Can someone please show me how to do problem number 4? Please show work so I can try to understand it. Thanks!

Chemistry
1 answer:
larisa86 [58]3 years ago
5 0
With the given formula, we can calculate the amount of CO₂ using the balance equation but we first need the moles of CH₄

1) to find the moles of CH₄, we need to use the ideal gas formula (PV= nRT). if we solve for n, we solve for the moles of CH₄, and then we can convert to CO₂. Remember that the units put in this formula depending on the R value units.
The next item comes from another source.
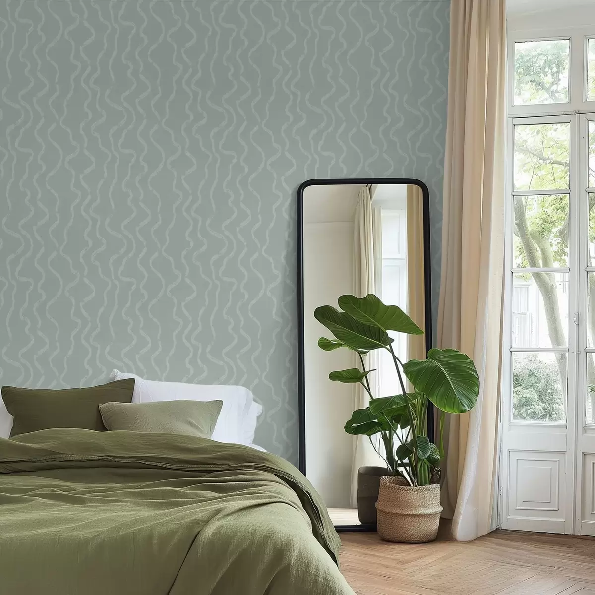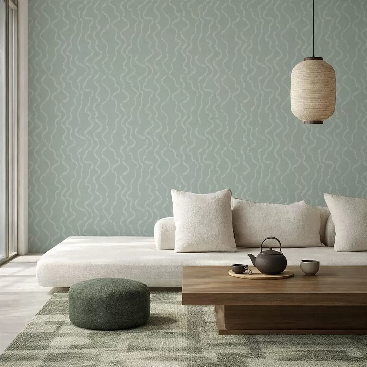 Ταπετσαρία Κυματιστό μοτίβο φωτός σε πράσινο φόντο Nr. a01167v2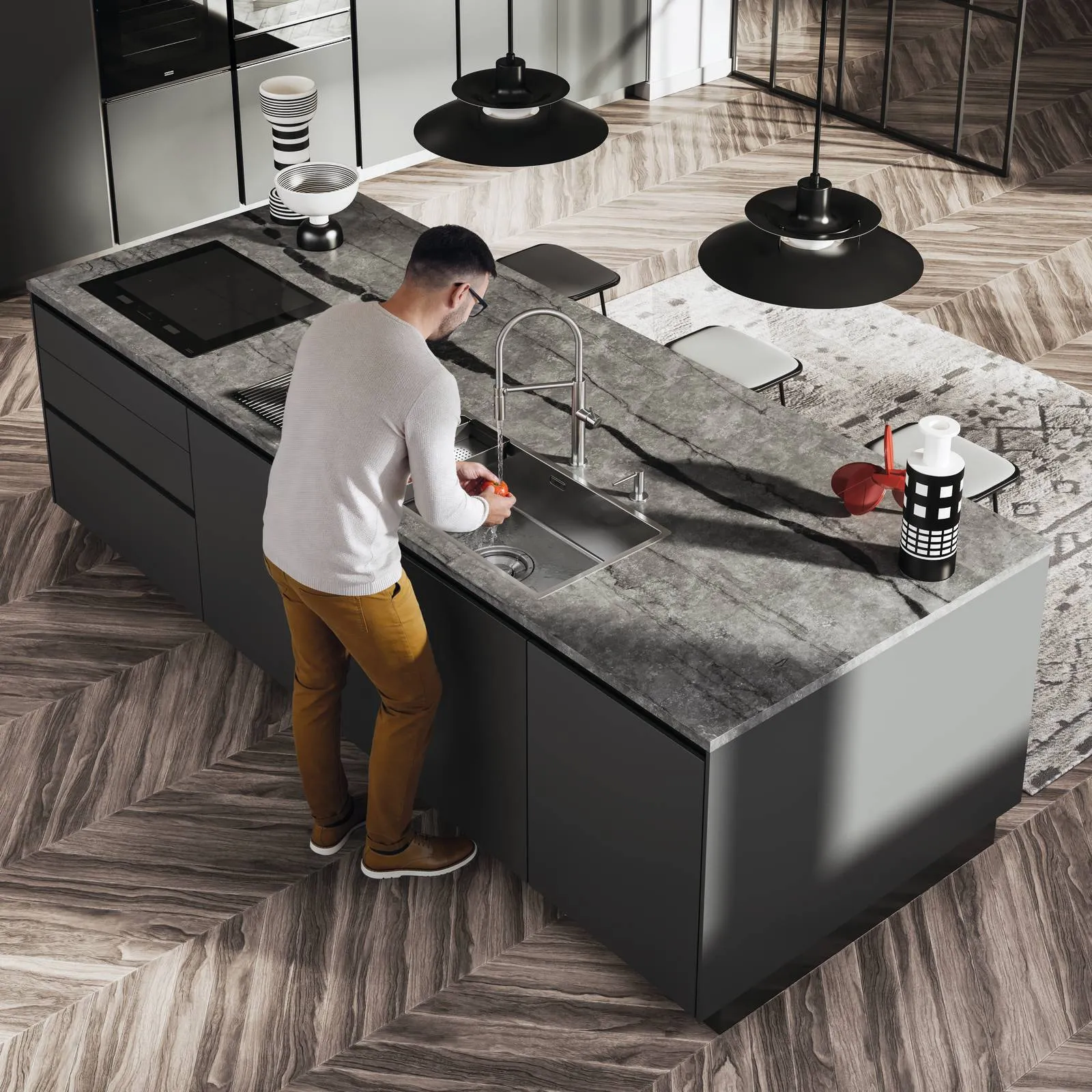 In questo modo, le vasche contribuiscono a creare un’atmosfera serena, in cui la conversazione scorre in modo naturale, anche durante la preparazione dei cibi più elaborata.

I remember 0.0821 which means pressure (P) has to be in atm, volume (V) in liters, the amount (n) in moles, and temperature (T) in kelvin.

PV= nRT

P= 1.00 atm
V= 32.0 Liters
n= ?
R= 0.0821 atm L/mol K
T= 25 C= 298 K

let plug the values into the formula.

(1.00 x 32.0 L)= n x 0.0821 x 298K

n= (1.00 x 32.0 L )/ (0.0821 x 298)= 1.31 moles CH₄

2) now let's convert the mole of CH₄ to moles to CO₂ using the balance equation

1.31 mol CH₄ (1 mol CO₂/ 1 mol CH₄)= 1.31 mol CO₂

3) Now let's convert from moles to grams using the molar mass of CO₂ (find the mass of each atom in the periodic table and add them)

molar mass CO₂= 12.00 + (2 x 16.0)= 44.0 g/mol

1.31 mol CO₂ ( 44.0 g/ 1 mol)= 57.6 g CO₂

Note: let me know if you any question.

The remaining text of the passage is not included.